ALBUM REVIEW: Jimi Hendrix Experience – Electric Ladyland 50th Anniversary Edition

Sony Music - November 9th 2018

Where do you start with Hendrix? Well years ago as a seven year old kid I started here. My dad already had the first two Jimi Hendrix Experience albums and I went out with my second round of pocket money and bought my fourth ever album,though the copy I has came with the original cover that my mother covered over with brown paper which to her credit kept the album in nice mint condition till I took it when I got to art college.

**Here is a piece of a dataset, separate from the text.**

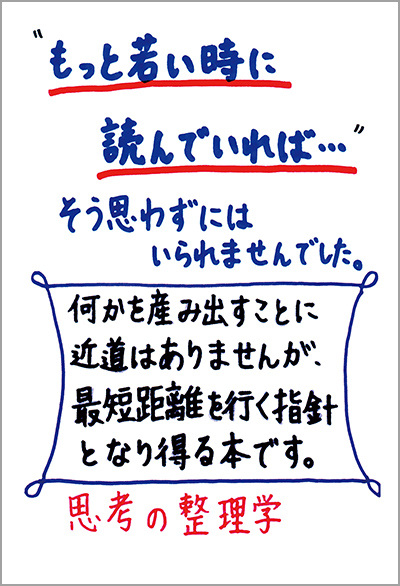 私は書店でこの本を見つけた時、タイトルが「思考の整理学」で、著者が大御所の先生なので、入学したばかりの学生が読むには少し難しいのではないかと思ってしまいました。でも帯のコピーが手書き文字だったので、みんなが手に取っている本なんだと感じることができました。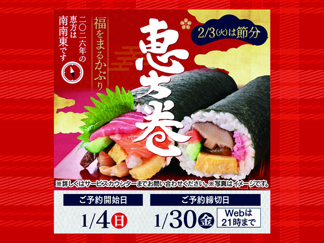 今年も新鮮なネタがぎっしり詰まった豪華な恵方巻をご用意!

At the time as such a young kid listening to Hendrix was like learning a new language and I’ll credit him at least partially with opening my eyes to all kinds of music. 50 years on Electric Ladyland is rightly still considered a benchmark for Rock music, today there are precious few artists with fraction of Hendrix’ vision and when you revisit this album 50 years after its birth, it really brings that home with a bang. Even more so with all the demos, outtakes and not least the ’68 show from the Hollywood Bowl.

It would be churlish to try and review the actual album here, after all there are hundreds of great reviews out there, the best though in my opinion are the ones written contemporaneously, without the benefit of hindsight or context, they are the reviews that show the excitement of the moment, the feeling that anything was possible.

What gets me most about Electric Ladyland though is its imperfection, its rawness, like its just been hewn from stone, and there it stands surrounded by shards, just born, newly visible. It’s  self-indulgent, it’s clearly improvised in parts, but yet its all held together by the sheer force of will and chemistry of Hendrix and his band, well that and the absolute quality of the songs.

50 years later Ladyland stands the test of time wonderfully well, it’s soulful, it’s charismatic, its full of seemingly boundless energy and its relentless, there may be no final destination but there’s a journey and as journeys go this is the one you will always remember and the one all others will be measured against.

My only concern with the remastering of this 50th anniversary release is that whereas when you listen to the original vinyl you hear that raw and at times muddy sound, particularly the bass and deeper drum tones; cleaned up you lose the bleed of Hendrix’ guitar which seemed to seep into every track of the recording like the lifeblood of the album. So on one hand its great to have the separation of the other two players but on the other you lose that real sense of excitement that you feel wen you drop the needle into the grove.

I’d argue thought that isn’t the real  draw here, its the bonus material that comes with the release that will make this essential. That material runs to over two hours and most interesting for me at least are the multiple takes of certain songs which I guess are the closest to understanding the feeling in the studio and the interaction of the players as were ever likely to get. Maybe even better than the studio outtakes and demos though is the Hollywood Bowl show recorded a few days before the release of the original album which sounds like it’s not been tweaked too much at all. It’s the perfect accompaniment to this set.